В траве тысячекратный отсвет множества капель, их глубинная белизна, вспыхивающая всеми цветами радуги всюду, где луч касался росы: нечто вроде огней большого города с борта реактивного самолета или россыпи галактик в пространстве.
— Садись сюда. Сними ботинки, а то простудишься. Я подсушу их в духовке. — Опустившись на колени, она сняла с него мокрые ботинки. — Господи, как ты в них ходишь? Ты что, хочешь подхватить воспаление легких?
— Эмиль должен вернуться сразу или он будет ждать этого ненормального?
— Я не знаю. Почему ты всегда называешь его ненормальным?
Как ты опишешь одного ненормального другому? А сам он — разве у него совершенно здоровая психика? Конечно, нет. Они его родня, а он — их. У них общая основа.
— Потому что он затопил дом? — сказала Шула.
— И поэтому тоже. Потому что он летает по небу со своими фотоаппаратами.
— Он старается найти деньги. Что в этом ненормального?
— Откуда ты знаешь про эти деньги?
— Он сам мне рассказал. Он думает, тут целое состояние. А ты что думаешь?
— Понятия не имею. Но в этом весь Уоллес — сокровища Али-Бабы, капитана Кидда или Тома Сойера.

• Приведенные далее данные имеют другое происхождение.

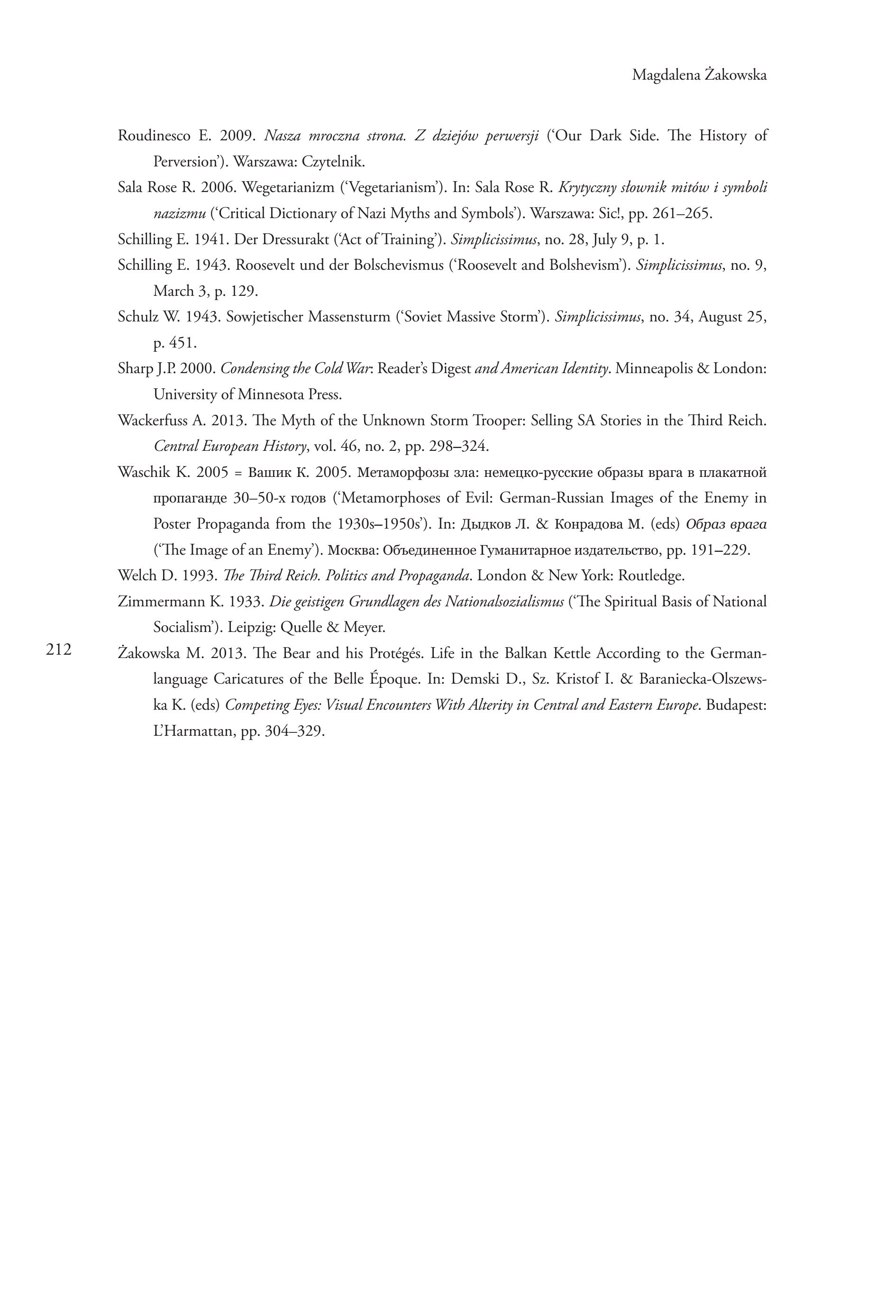 212 Magdalena Zakowska Roudinesco E. 2009. Nasza mroczna strona. Z dziejéw perwersji (Our Dark Side. The History of Perversion’). Warszawa: Czytelnik. Sala Rose R. 2006. Wegetarianizm (‘Vegetarianism). In: Sala Rose R. Krytyczny slownik mitéw i symboli nazizmu (‘Critical Dictionary of Nazi Myths and Symbols’). Warszawa: Sic!, pp. 261-265. Schilling E. 1941. Der Dressurakt (‘Act of Training’). Simplicissimus, no. 28, July 9, p. 1. Schilling E. 1943. Roosevelt und der Bolschevismus (‘Roosevelt and Bolshevism). Simplicissimus, no. 9, March 3, p. 129. Schulz W. 1943. Sowjetischer Massensturm (‘Soviet Massive Storm’). Simplicissimus, no. 34, August 25, p. 451. Sharp J.P. 2000. Condensing the Cold War: Reader’s Digest and American Identity. Minneapolis & London: University of Minnesota Press. Wackerfuss A. 2013. The Myth of the Unknown Storm Trooper: Selling SA Stories in the Third Reich. Central European History, vol. 46, no. 2, pp. 298-324. Waschik K. 2005 = Bammx K. 2005. Meramopbossı 31a: HeMelKo-pyccKue 06pa3bI Bpara B ILIAKATHOU upomarane 30—50-x rogos (‘Metamorphoses of Evil: German-Russian Images of the Enemy in Poster Propaganda from the 1930s—1950s’). In: Asınkos JI. & Kompanosa M. (cds) O6pas spasa (‘The Image of an Enemy’). Mocksa: O6beXuHeHHOe [yMmaHHTapHoe usnarerscerBo, pp. 191-229. Welch D. 1993. The Third Reich. Politics and Propaganda. London & New York: Routledge. Zimmermann K. 1933. Die geistigen Grundlagen des Nationalsozialismus (“The Spiritual Basis of National Socialism’). Leipzig: Quelle & Meyer. Zakowska M. 2013. The Bear and his Protégés. Life in the Balkan Kettle According to the Germanlanguage Caricatures of the Belle Epoque. In: Demski D., Sz. Kristof I. & Baraniecka-Olszewska K. (eds) Competing Eyes: Visual Encounters With Alterity in Central and Eastern Europe. Budapest: L'Harmattan, pp. 304-329.

— Но, кроме шуток… он говорит, что в доме спрятано сокровище… куча денег. Он не успокоится, пока не найдет их. Все-таки это не совсем порядочно со стороны кузена Элии…
— Умереть и не сказать, куда он их спрятал?
— Ага. — Похоже было, что столь четкое выражение ее мыслей слегка пристыдило Шулу.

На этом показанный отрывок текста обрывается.